Employers that have not yet provided employees with Form W-2s for 2012 must reflect the increased exclusion for transit benefits in calculating the amount of wages reported in box 1 (Wages, tips, other compensation), box 3 (Social Security wages), and box 5 (Medicare wages and tips). Employers that have repaid or reimbursed their employees for the overcollected FICA taxes associated with the retroactive transit benefit before providing employees with the W-2 should reduce the amounts of withheld tax reported in box 4 (Social Security tax withheld) and box 6 (Medicare tax withheld) by the amounts of the repayments or reimbursements. However, whether or not the employer has repaid or reimbursed the employees for the overpaid taxes, the employer must report in box 2 (Federal income tax withheld) the amount of income tax actually withheld during 2012.
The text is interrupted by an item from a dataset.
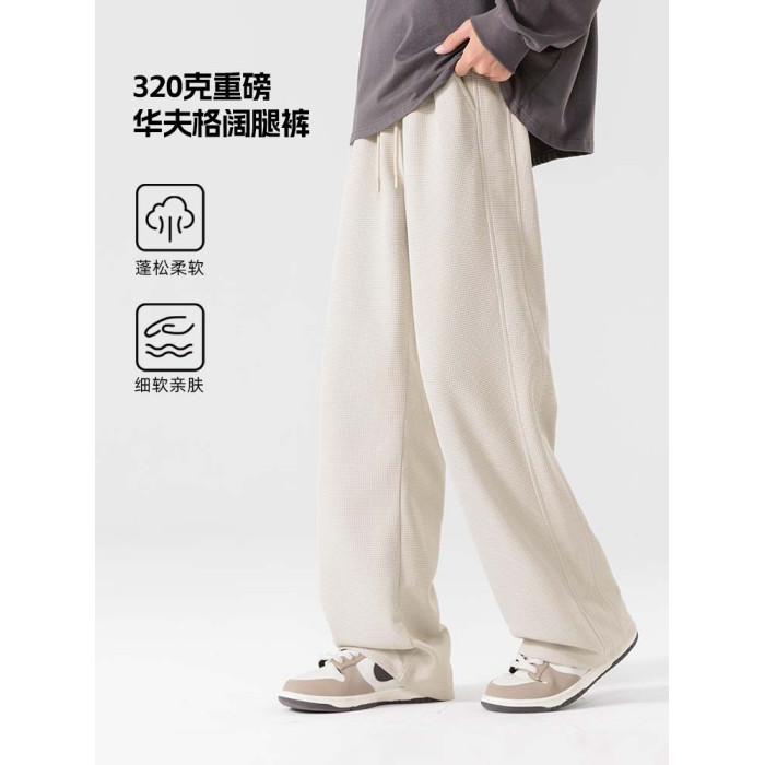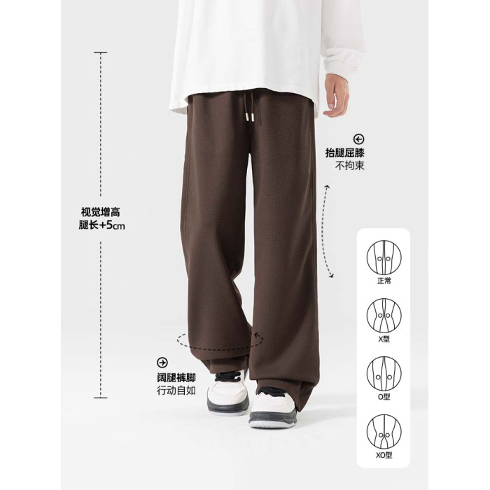 啄木鳥華夫格直筒褲子男秋季新款咖色復古長褲男士高級感休閒褲Y

If an employer has repaid or reimbursed its employees for the overcollected FICA taxes after providing employees with Forms W-2 but has not yet filed the Forms W-2 with the Social Security Administration (“SSA”), the employer should check the “Void” box at the top of each affected Form W-2 (Copy A), and send a corrected Form W-2 (Copy A) to the SSA. Employers should write “CORRECTED” on the employees’ new copies (B, C, and 2) of the corrected Forms W-2 and provide them to employees.
If an employer has already filed the 2012 Forms W-2 for its employees with the SSA, it will need to file Forms W-2c, Corrected Wage and Tax Statements, that reflect the increased exclusion for transit benefits.